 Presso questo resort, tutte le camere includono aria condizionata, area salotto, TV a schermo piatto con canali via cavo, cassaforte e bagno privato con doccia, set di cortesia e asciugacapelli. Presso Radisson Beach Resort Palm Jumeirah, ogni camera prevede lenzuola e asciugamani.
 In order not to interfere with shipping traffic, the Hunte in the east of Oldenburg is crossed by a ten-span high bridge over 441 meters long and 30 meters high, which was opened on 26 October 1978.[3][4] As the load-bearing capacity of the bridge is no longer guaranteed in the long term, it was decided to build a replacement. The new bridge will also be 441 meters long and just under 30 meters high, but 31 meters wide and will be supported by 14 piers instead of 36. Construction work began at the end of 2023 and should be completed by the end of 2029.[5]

==

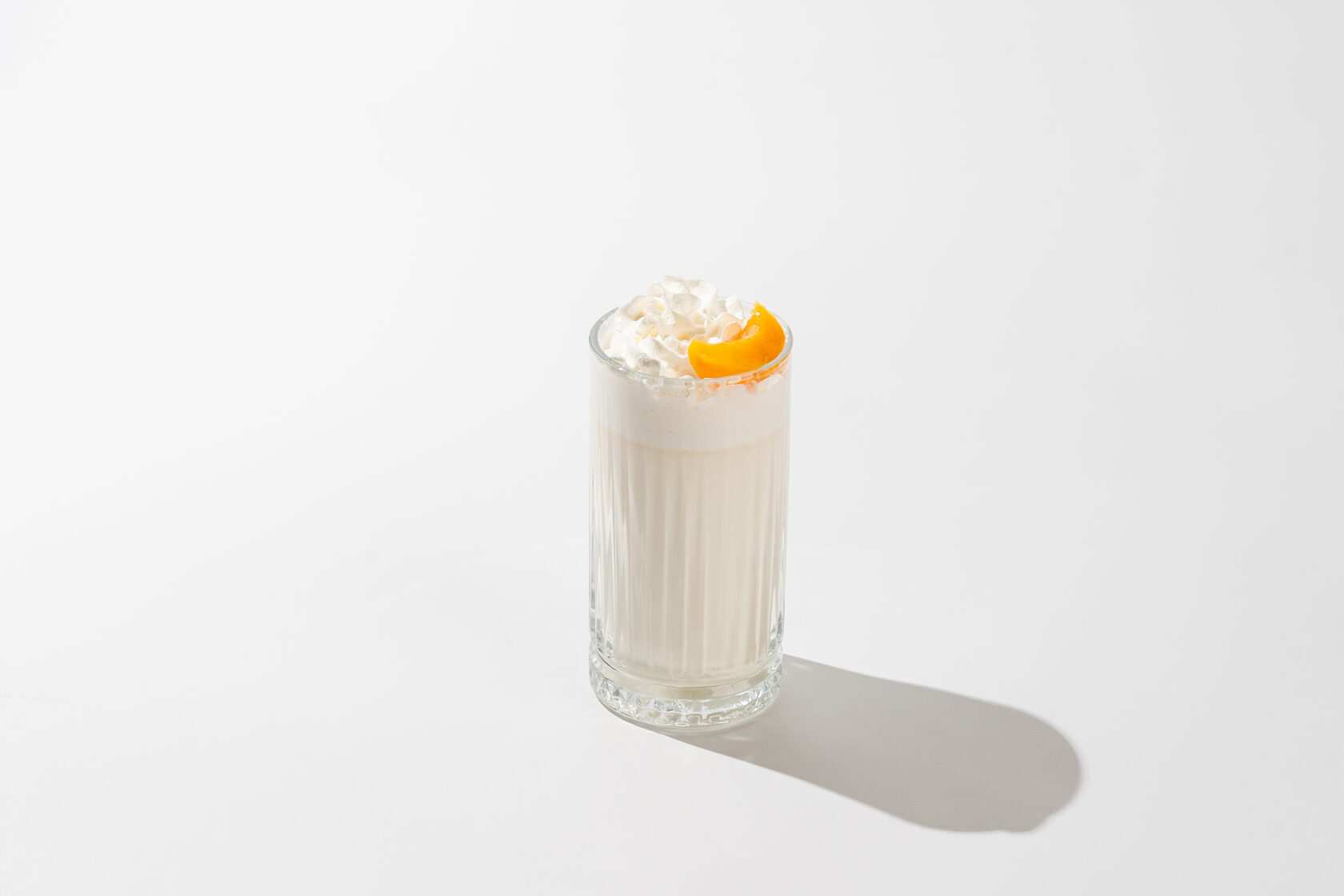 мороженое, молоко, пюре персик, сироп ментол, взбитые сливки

§ Task details
Your answer should be the lines above from the one containing "Presso questo resort, tutte" through the one containing "In order not", copied exactly and with both ends kept.

§ Answer space
 Presso questo resort, tutte le camere includono aria condizionata, area salotto, TV a schermo piatto con canali via cavo, cassaforte e bagno privato con doccia, set di cortesia e asciugacapelli. Presso Radisson Beach Resort Palm Jumeirah, ogni camera prevede lenzuola e asciugamani.
 In order not to interfere with shipping traffic, the Hunte in the east of Oldenburg is crossed by a ten-span high bridge over 441 meters long and 30 meters high, which was opened on 26 October 1978.[3][4] As the load-bearing capacity of the bridge is no longer guaranteed in the long term, it was decided to build a replacement. The new bridge will also be 441 meters long and just under 30 meters high, but 31 meters wide and will be supported by 14 piers instead of 36. Construction work began at the end of 2023 and should be completed by the end of 2029.[5]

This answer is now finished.